Clean‑eating families typically serve it sliced at room temperature or lightly toasted, sometimes with a spread of almond butter or a dollop of Greek yogurt. It’s common to pair it with fresh fruit or a cup of black coffee for a balanced breakfast.

cultural
Q

What occasions or celebrations is High-Protein Banana Bread associated with in modern American health culture?

A

It’s a popular post‑workout snack, a brunch staple for weekend gatherings, and a kid‑friendly treat at school lunchboxes. Many people also bake it for “Meal‑Prep Sundays” to have protein‑packed breakfast ready for the week.

cultural
Q

How does High-Protein Banana Bread fit into the broader American clean‑eating cuisine tradition?

A

Clean‑eating emphasizes whole‑food ingredients, reduced added sugars, and higher protein.

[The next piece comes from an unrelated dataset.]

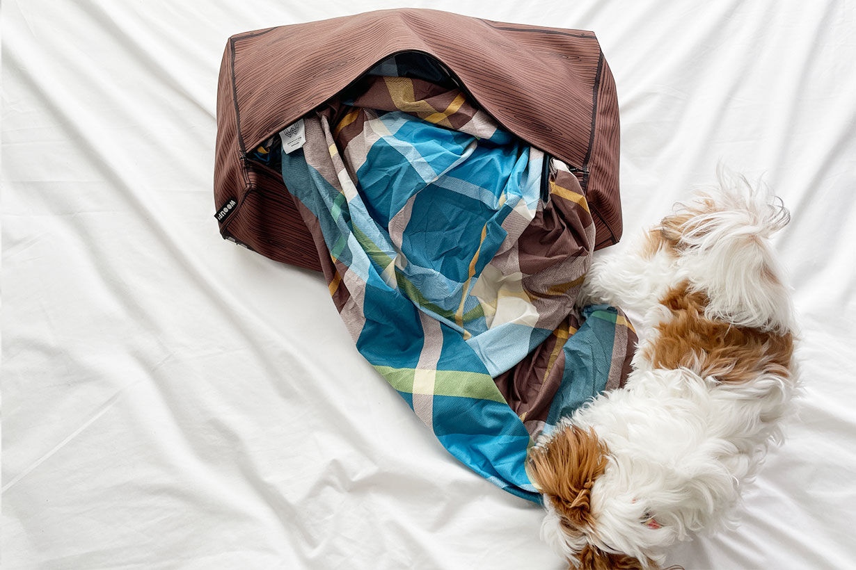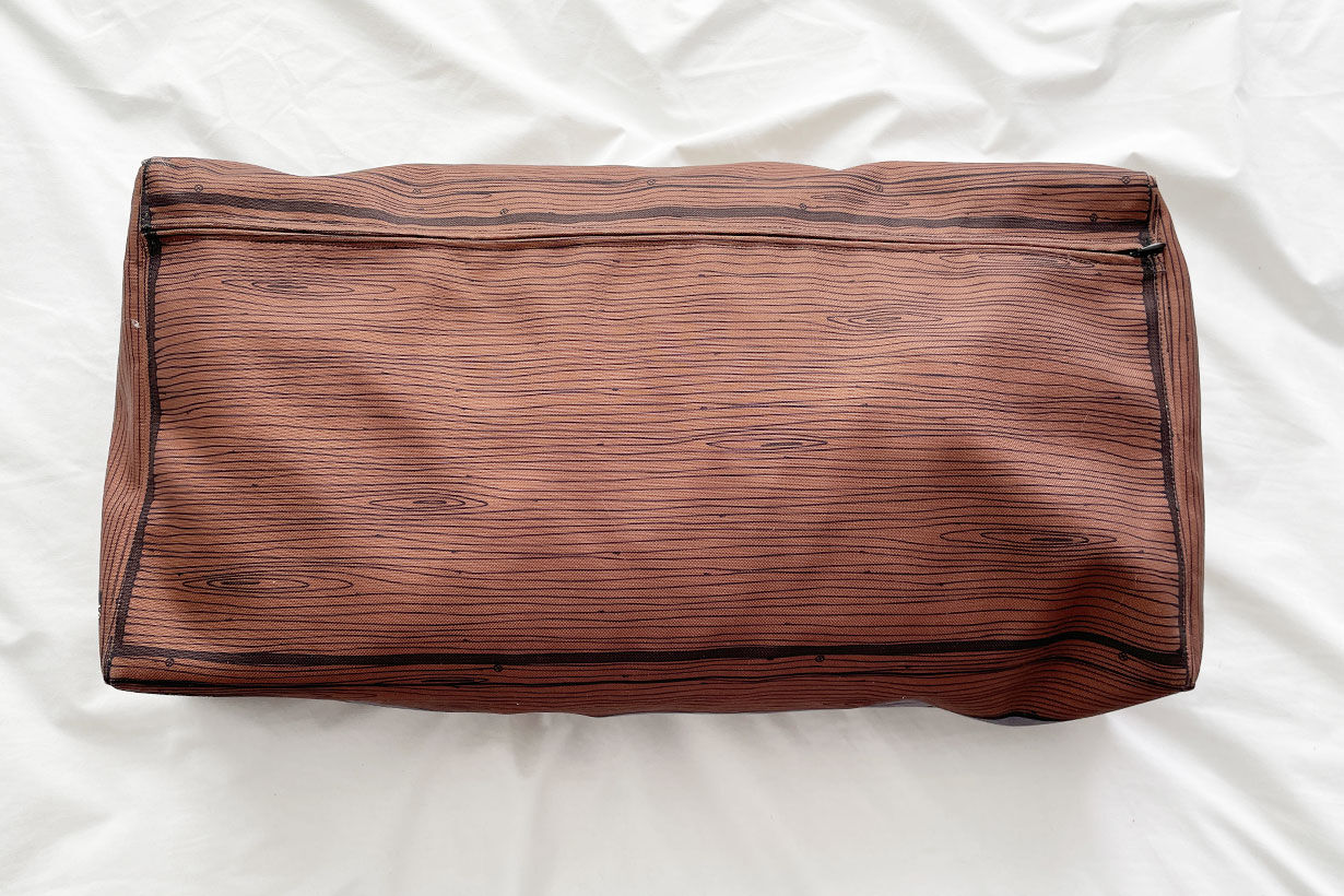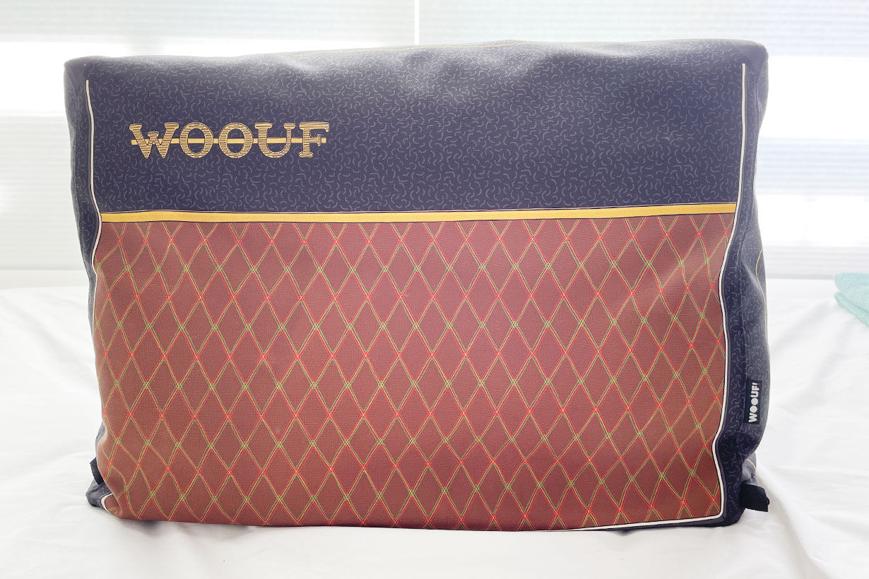 無地選べと前のセンテンスで力説していたのに、我が家は超クセつよな布団収納袋を使用中です。WOOUFというスペインのブランドのもので、現在日本では入手不可能なため、メルカリで中古品が出品されるのを狙い撃ちし、1年ほどかけて揃えました。

This banana bread embodies those principles by using whole‑grain oat flour, natural sweeteners, and Greek yogurt, making it a nutritious twist on a classic comfort food.

cultural
Q

What are the authentic traditional ingredients for banana bread versus acceptable substitutes in this High-Protein recipe?

A

Traditional banana bread uses all‑purpose flour, white sugar, butter, and sometimes walnuts. In this recipe, oat flour, almond flour, coconut sugar, and Greek yogurt are the authentic clean‑eating swaps, while protein powder, egg whites, and coconut oil serve as high‑protein, lower‑fat alternatives.

cultural
Q

What other clean‑eating dishes pair well with High-Protein Banana Bread?

A

Pair it with a side of fresh berries, a scoop of cottage cheese, or a green smoothie made with spinach and protein powder. For a savory contrast, serve alongside avocado toast or a light vegetable soup.

cultural
Q

What are the most common mistakes to avoid when making High-Protein Banana Bread?

A

Common errors include over‑mixing the batter, using under‑ripe bananas, and forgetting to cover the loaf with foil, which can cause a burnt top. Also, ensure the leavening agents are fresh; stale baking powder or soda will result in a flat loaf.

technical
Q

Why does this High-Protein Banana Bread recipe use both a whole egg and egg whites instead of just whole eggs?

A

Whole eggs add richness and emulsification, while egg whites boost the protein content without adding extra fat. This balance keeps the crumb light while achieving the target 13 g of protein per slice.

technical
Q

What does the YouTube channel Clean & Delicious specialize in?

A

The YouTube channel Clean & Delicious focuses on wholesome, whole‑food recipes that are easy to prepare, nutritionally balanced, and designed for busy lifestyles. Host Danny Spees emphasizes high protein, low sugar, and gluten‑free options while keeping flavors bold and approachable.

channel
Q

How does the YouTube channel Clean & Delicious' approach to healthy baking differ from other health‑focused cooking channels?

A

Clean & Delicious combines straightforward, minimal‑equipment techniques with detailed ingredient swaps that boost protein and lower glycemic load, whereas many other channels focus mainly on calorie reduction or vegan substitutions. Danny often provides cost‑effective ingredient alternatives and practical pantry hacks.